In the case of the senior executive team (including the CEO) an
assessment of their performance is undertaken by Scentre Group’s
Human Resources Committee and the Board. Details of Scentre
Group’s remuneration policies and practices are set out in the
Remuneration Report which forms part of the Directors’ Report in the
2014 Scentre Group Annual Report.
2. Board committees
The Board delegates certain responsibilities to standing Committees
which operate in accordance with charters approved by the Board.
During the financial year, there were 3 standing Board Committees
for Scentre Group, namely the Audit and Risk Committee, the Human
Resources Committee and the Nomination Committee.
As the composition of the Board of each of Scentre Group Limited,
Scentre Management Limited, RE1 Limited and RE2 Limited are
identical each Committee also has the same membership and, for all
purposes, operates as one “Scentre Group” Committee.

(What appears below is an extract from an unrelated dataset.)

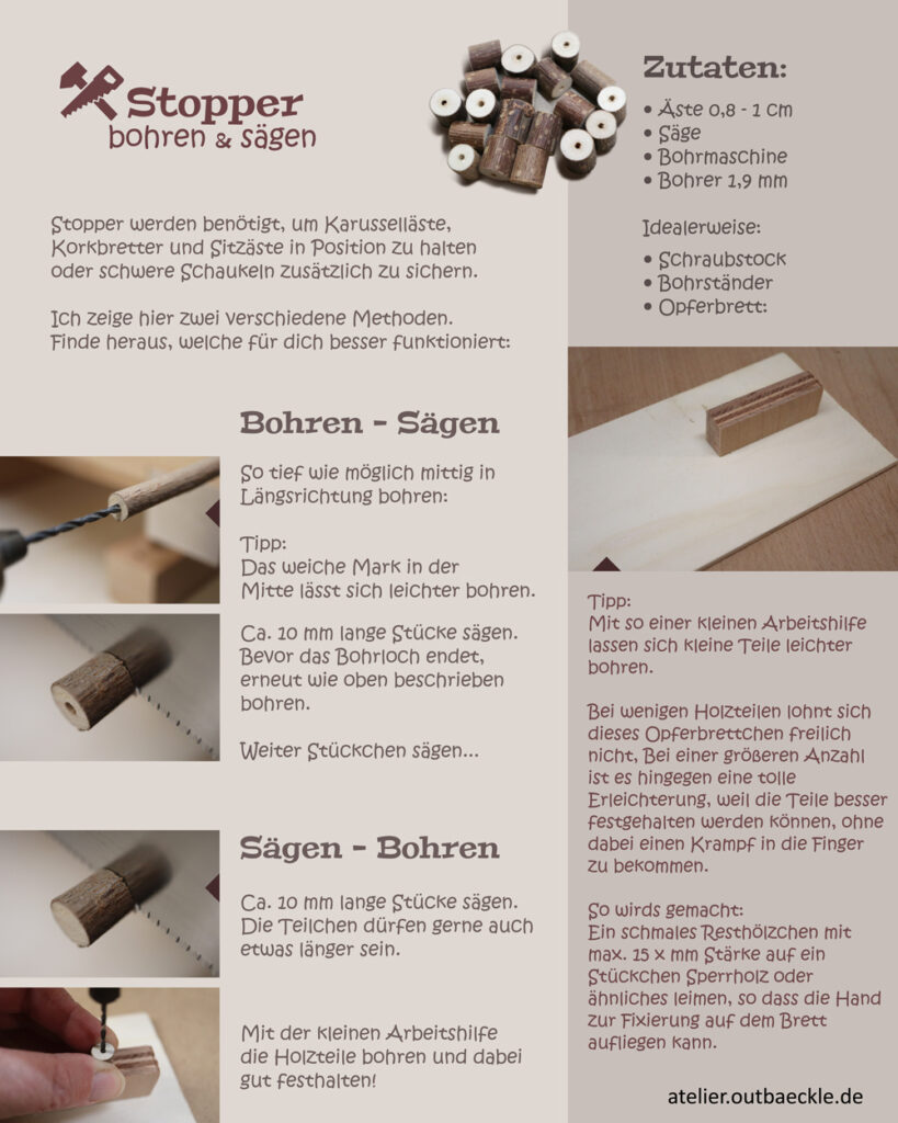 Im letzten Modul über Abschlusskappen waren die Stopper bereits angekündigt. Heute seht ihr die Anleitung dazu. Genau genommen zwei mögliche Varianten, die ich je nach Bedarf gerne auch mal wechsle.

Each Committee is authorised to investigate any activity or function
of the Group in accordance with its charter, which is reviewed at least
annually. The Committees are authorised to make recommendations
to the Board regarding appropriate action resulting from such
investigations. Each Board Committee has unrestricted access to
executive management, all employees and all records, tax and other
financial advisers, legal advisers, and internal and external auditors, as
Each Board Committee or any member of the Committee is authorised
(at the cost of the Group) to obtain outside legal or other independent
professional advice, and to secure the attendance of such advisers
if it was considered necessary for the proper performance of the
Committee’s functions under its charter.
The Chair of each Board Committee (or a person nominated by the
Chair of the Committee for that purpose) must report to the Board at
the Board’s next meeting on any matters relevant to the Committee’s
duties and responsibilities. As noted earlier, the Board receives copies
of the minutes of all Committee meetings.
The office of the Company Secretary provides secretariat services for
each of the Board Committees.
The Board receives copies of the minutes of all Committee meetings
and have full access to Committee papers. This provides all Directors
with oversight and the opportunity to discuss the issues being
considered by the Committees.
2.1 Audit and Risk Committee
The Charter of the Audit and Risk Committee is available in the
corporate governance section of the Trust's website.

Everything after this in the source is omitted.